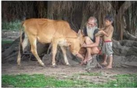
Ông cháu, đồng bào dân tộc Ba-na

1 Hình ảnh về người thân qua một số bức ảnh
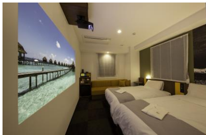
変なホテル初の「シアタールーム」が誕生(シアタールームは70室完備)
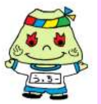
内牧小のキャラクター
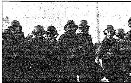
جانب من القوات المشاركة في أمن الحج خلال الاستعراض

احلال وإنشاء عيادات وطوارئ بمستشفى جبل الرحمة الذي بلغت تكايفه أربعة عشر مليوناً و٩٩٥ ألف ريال ويشتمل على بldروم ودور أرضي ودور اول ومواقف للاسعافات ومستودعات ويضم ٢٤ عيادة ومختبراً وقسماً للإشعاع وصيدلية وتبلغ طاقته السريرية ٧٥ سريراً التي جانب مشروع احلال وإنشاء عيادات بمستشفى ثمره بتكلفة تبلغ ٥ ملايين و٧٦٠ ألف ٣٣٠ ريالاً وأقيم على مساحة ١٣٨٥ متراً مربعاً ويشتمل على دور أرضي ودور اول ويضم ١٦ عيادة ومختبراً وقسماً للإشعاع وصيدلية وتبلغ طاقته السريرية ٤٨ سريراً.
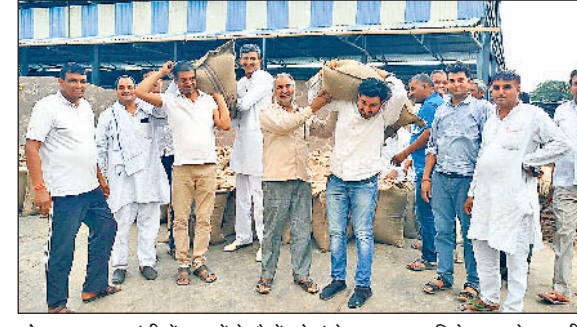
तोशाम। अनाजमंडी में सरसों के बैगों को कंधे पर उठाकर विरोध जताते आदती।

खरीद के लिए सरसों वेयरहाउस कापारेशन द्वारा खरीदी जानी है, परंतु बहुत कम मात्रा में सरसों खरीद रहा है, जिसके कारण 1.25 किंवटल से अधिक सरसों बिना खरीद मंडी में पड़ी है।
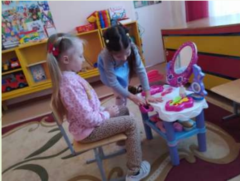
Моя мама - парикмахер
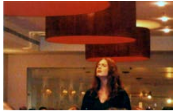
O Momento Musical.
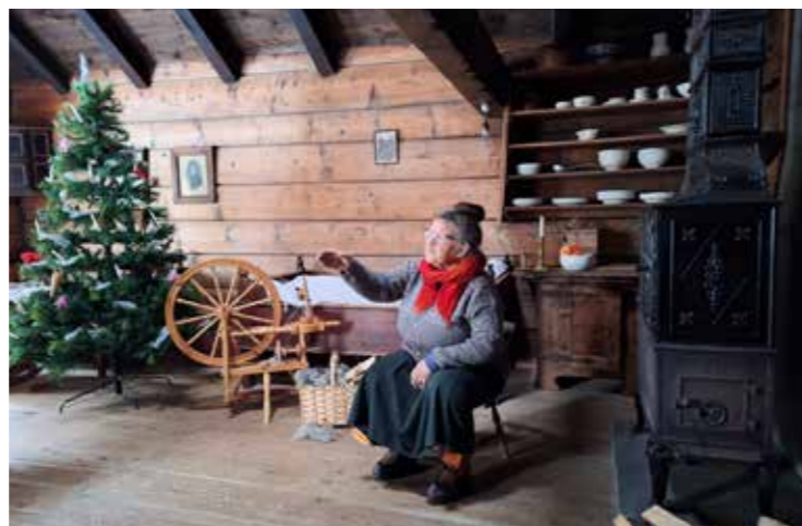
Jul på Nordfjord Folkemuseum.
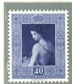
1952 - OPERE DELLA GALLERIA D'ARTE DEL PRINCIPATO - TABLEAUX DE LA GALERIE DE LA PRINCPAUTE - VARIOUS PAINTINGS FROM PRINCE'S COLLECTION FURSTLICHE GEMALDEGALERIE - DENT. 11 1/2.
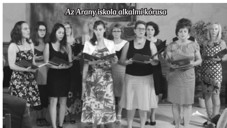
Az Arany iskola alkalmi kórusa

nyí iskola főzőkonyháját is korszerűsítik. Beszéde végén a polgármester ezt mondta: kívánom, hogy továbbra is maradjanak ilyen türelmes, lelkiismeretes tanítók, figyelmes tanárok, kedves terelgető óvónők.”
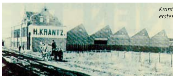
Krantz-Gründungshaus mit erster Fertigung in Aachen
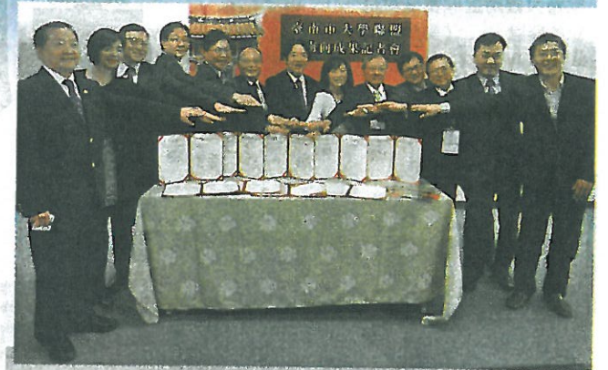
台南市長賴清德（中）3月4日至11日率《台南市大學聯盟》12所大學前往東南亞招生，13日發表南向成果。

扮演搭橋角色的賴清德，6天行程拜訪了馬來西亞官方、印尼教育部、印尼工業部，首次接觸到回教穆斯林學校，開啟未來交換學生契機。他並號召台南上市櫃公司負責人組成的億載會成立「台南獎學金」與企業實習機會，給成績優異的海外人才，吸引更多學生到台南的學校就讀。
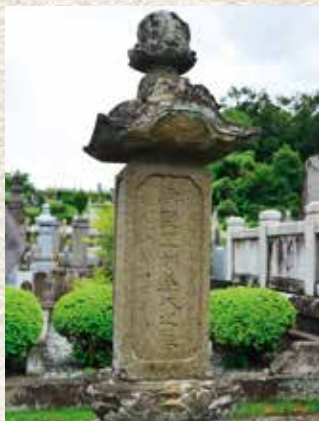
▲新野五郎道氏の墓(八王子市)
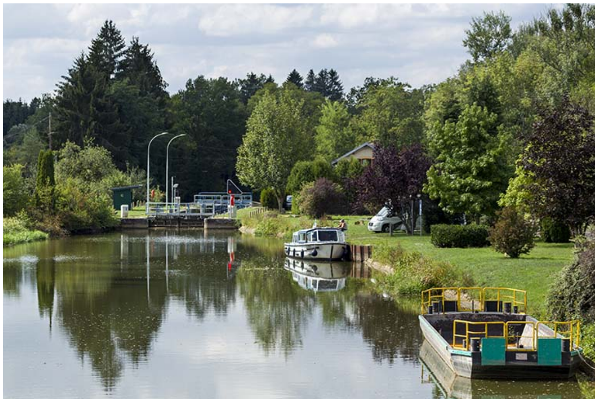
Vue d'ensemble depuis l'amont.

70, Pont-du-Bois route départementale 150
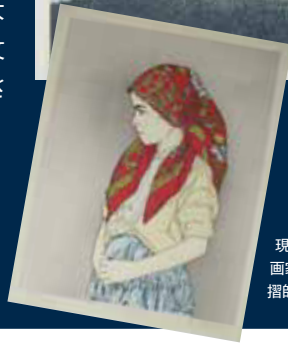
現代版画「ウズベクの少女」 画家:彫師:岡本流生 摺師:沼辺伸吉
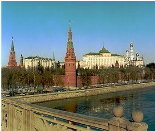
1339-E Moskou (Rusland).
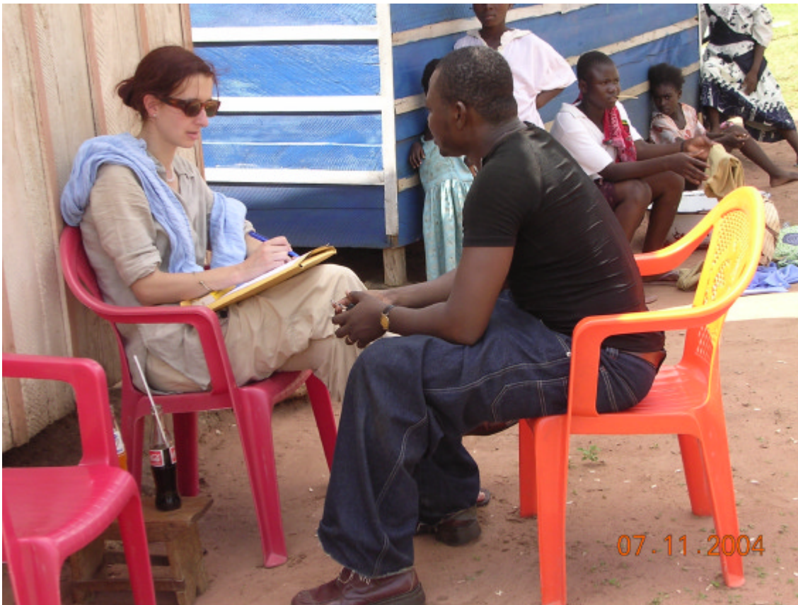
Rückkehrerinterview mit Herrn J. in seinem Dorf Kwame Danso – im Schatten seine Kioskes
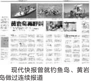
现代快报曾就钓鱼岛、黄岩岛做过连续报道
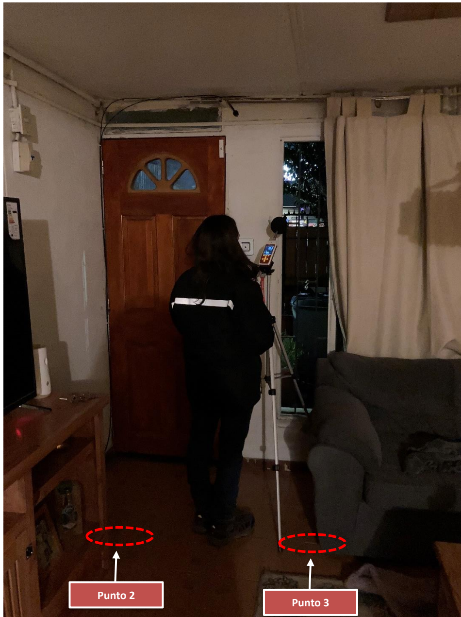
Fotografía 2. Fecha: 01-07-2023

Descripción Medio de Prueba: Punto 1 de la medición interna en living de la vivienda del receptor "2"
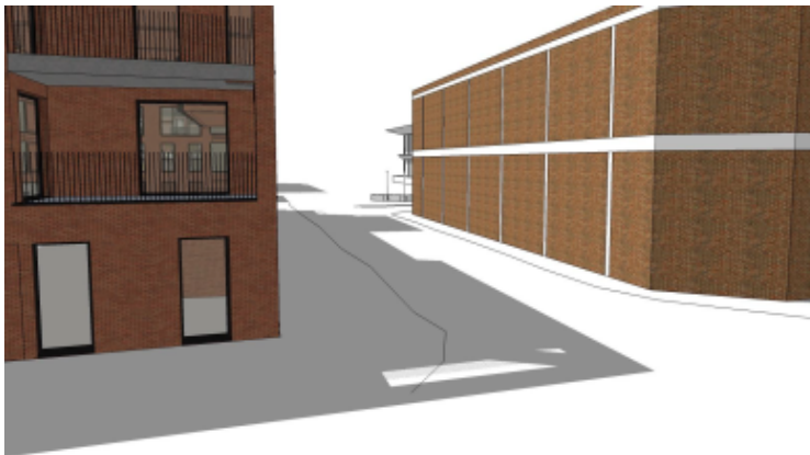
huidig zicht naar loods 20

De beelden hieronder tonen de visibiliteit van loods 20 in de Voorhavenlaan en het doorzicht naar de Londenstraat, zowel in de huidige toestand als in de mogelijks nieuwe toestand. De nog niet gebouwde volumes zijn suggestief volgens wat toegelaten is binnen de voorschriften van het RUP.
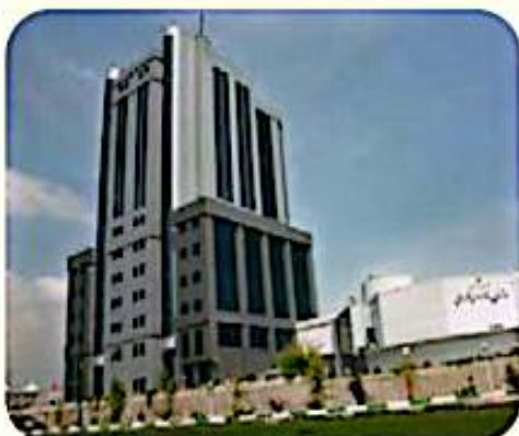
▲ سازمان بنادر و دریانوردی

ب - به این دو تصویر، توجه و پرس‌وجو کنید هر یک از این سازمان‌ها چه وظیفه‌ای دارند و در چه زمینه‌ای فعالیت می‌کنند؟
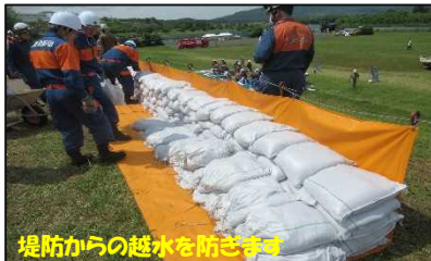
改良積み土のう工の設置状況
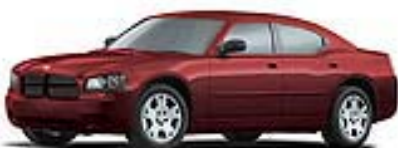
Inferno Red Crystal Pearl
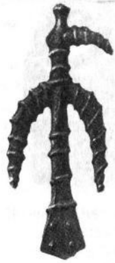
Птахоподібне зображення з Гори Азов. Пізній палеоліт.
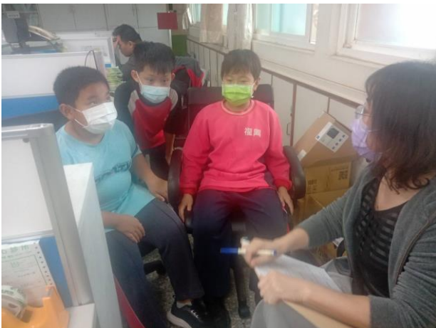
護理師空汙敏感施予個別衛教
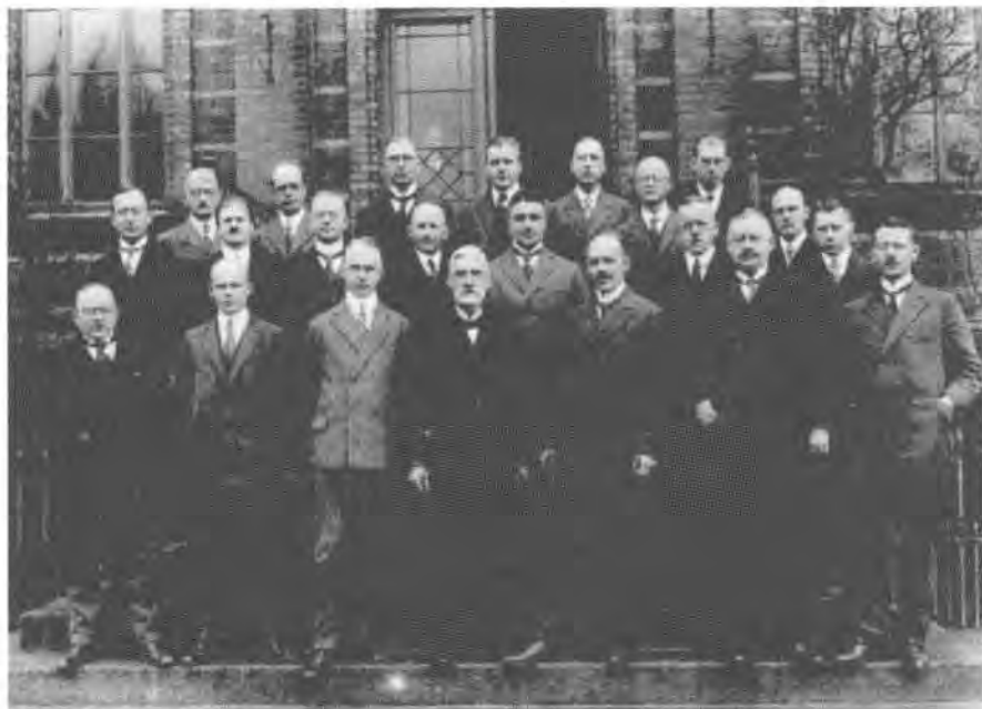
Lehrerkollegium Ostern 1928.
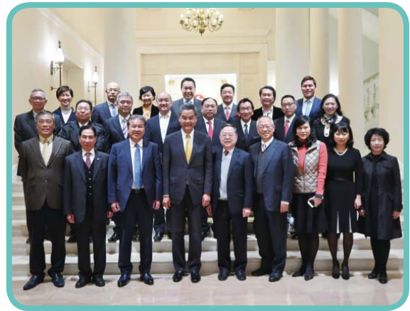
海通國際自2014年起成為「明天會更好基金」的機構會員，矢志對外推廣香港在經濟及社會方面的各項發展

眼見世界各地的公民意識日漸提高，社會問題已不能只以政府政策解決，越來越多社會企業成立，以商業模式處理一些以往難以解決的社會問題，另一方面亦可為社會經濟帶來貢獻。
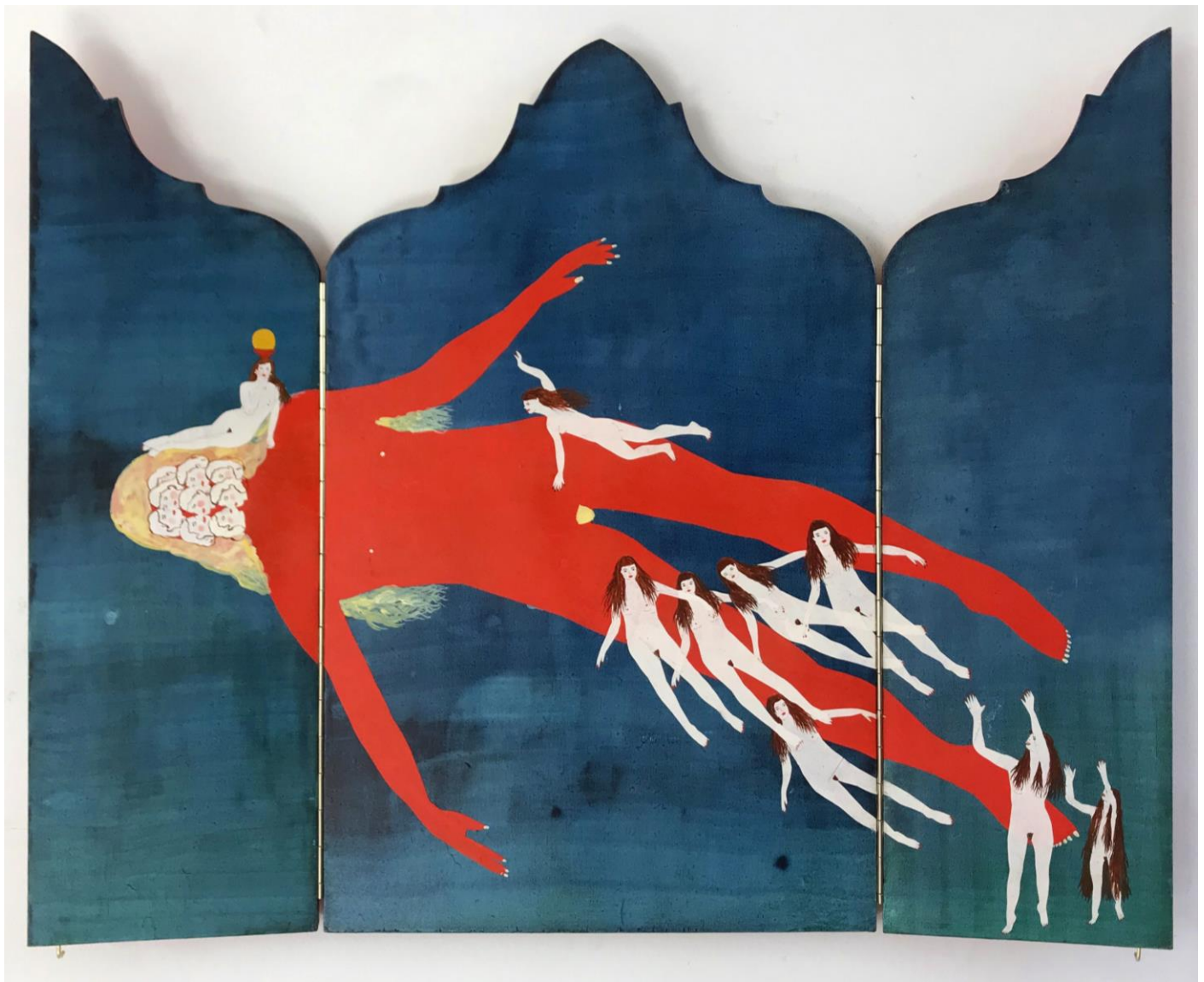
« La nuit est encore debout, c'est pour ça que je ne dors pas » (24) (ouvert / open) 2024, tech mixte sur bois / mixed media on wood, 47x29,5x2,5cm
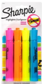
1 PACK OF HIGHLIGHTERS
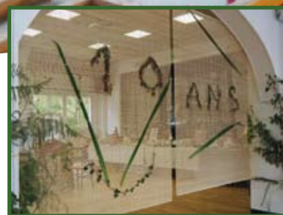
10 ANS DE NOCÉ PATRIMOINE
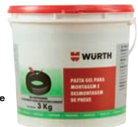
Pasta para montaje de neumáticos Cód. 80893 122
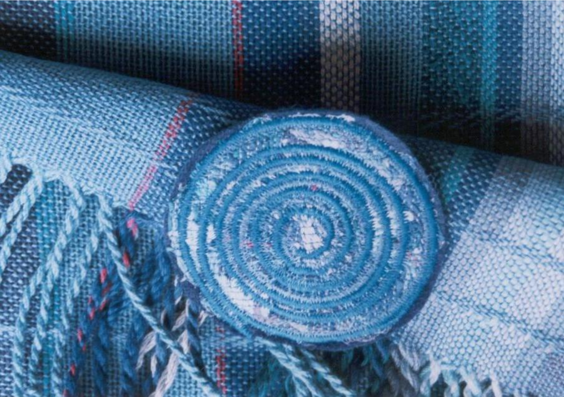
Sjaal - Linnenbinding, katoen.
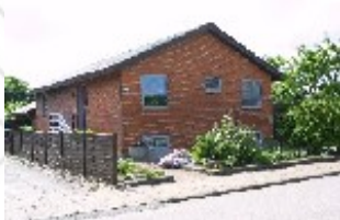
Eksempel på et karakteristisk parcelhus i området.

Det er hensigten at sikre Hvorupvej, Østermarksvej og Højens Allé som identitetsskabende historiske strukturer. Den typiske placering af bebyggelsen tæt på gadelinjen er et bevaringsværdigt karaktertræk.
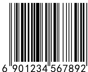
图 1 仅包含 UDI-DI 的 EAN-13 码

GS1 标准的 UDI 数据载体有三种形式，分别是一维条码 (EAN-13、GS1-128、ITF-14、GS1 DataBar)、二维条码 (GS1 DataMatrix) 和 RFID，常见 UDI 载体示例见图 1 至图 8，ITF-14 示例见 GB/T 16830—2008 附录 B 和附录 C。
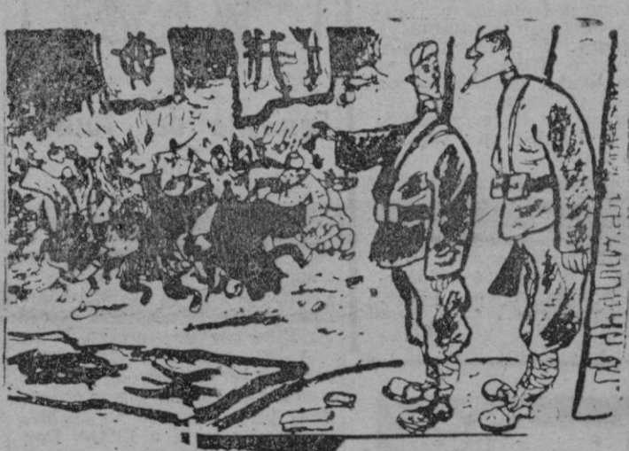
EN LA CHINA COMUNISTA
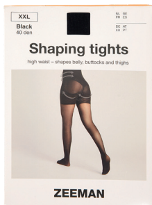
Shaping Strumpfhose 40 Den. Größe S-XXL. Polyamid/Elasthan In der Farbe Schwarz
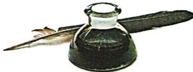
перо, чернила, чернильница
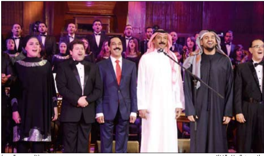
جانبا من الحفل الغنائي
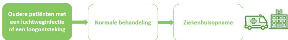
Figuur 1: Huidige situatie.

U heeft een luchtweginfectie of longontsteking en bent 65 jaar of ouder. Uw huisarts schrijft dan in veel gevallen een combinatie van antibiotica/ virusremmers, extra zuurstof en/of puffers voor. Voor deze behandeling worden veel patiënten opgenomen in het ziekenhuis. Maar dat is lang niet altijd nodig. Het is heel goed mogelijk u thuis, in uw eigen omgeving te behandelen. Om dat vaker en beter mogelijk te maken hebben de zorgpartners in de regio (huisartsen, ziekenhuizen, verpleeghuizen en thuiszorgorganisaties) afspraken gemaakt hoe ze dat gaan doen. We noemen dat De Haagse Luchtweginfectie Zorgbrug. In deze folder leest hier meer over.
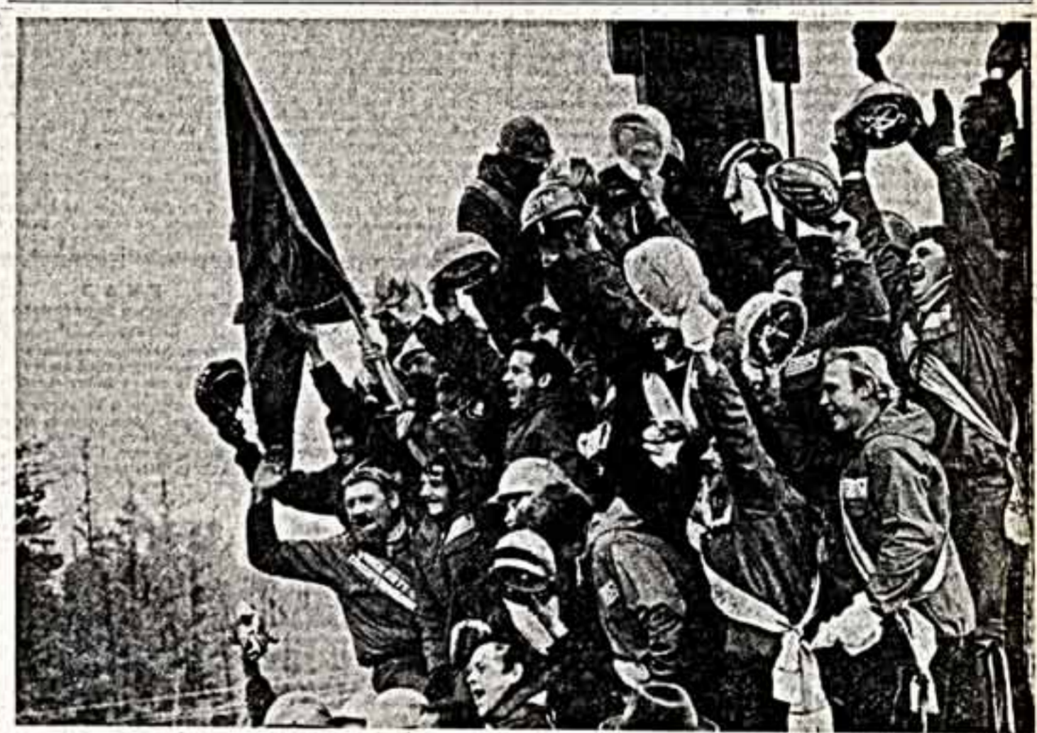
«Рубежи создания» — так называется Всесоюзная фотовыставка, которая открывается завтра в Москве.

В эти дни в области проходит День молодежи Узбекистана. В составе представительной делегации — ветераны партии и комсомола, писатели, артисты, художники. Гости подготовили специальные программы «Советский Узбекистан», «Пою новостное», с которыми выступят перед трудовыми коллективами, а также своими земляками, работающими на ударных комсомольских стройках. В областной выставочном зале Тюмени демонстрируются работы молодых художников южной республики.

◇ ◇ ◇ ◇

**ASSIGNMENT:**
I'd like the lines above repeated exactly, from the one that contains "Az Arany iskola alkalmi kórusa" through the one that contains "70, Pont-du-Bois route départementale 150", with no pictures.

**TASK RESULT:**
Az Arany iskola alkalmi kórusa

nyí iskola főzőkonyháját is korszerűsítik. Beszéde végén a polgármester ezt mondta: kívánom, hogy továbbra is maradjanak ilyen türelmes, lelkiismeretes tanítók, figyelmes tanárok, kedves terelgető óvónők.”
Krantz-Gründungshaus mit erster Fertigung in Aachen
台南市長賴清德（中）3月4日至11日率《台南市大學聯盟》12所大學前往東南亞招生，13日發表南向成果。

扮演搭橋角色的賴清德，6天行程拜訪了馬來西亞官方、印尼教育部、印尼工業部，首次接觸到回教穆斯林學校，開啟未來交換學生契機。他並號召台南上市櫃公司負責人組成的億載會成立「台南獎學金」與企業實習機會，給成績優異的海外人才，吸引更多學生到台南的學校就讀。
▲新野五郎道氏の墓(八王子市)
Vue d'ensemble depuis l'amont.

70, Pont-du-Bois route départementale 150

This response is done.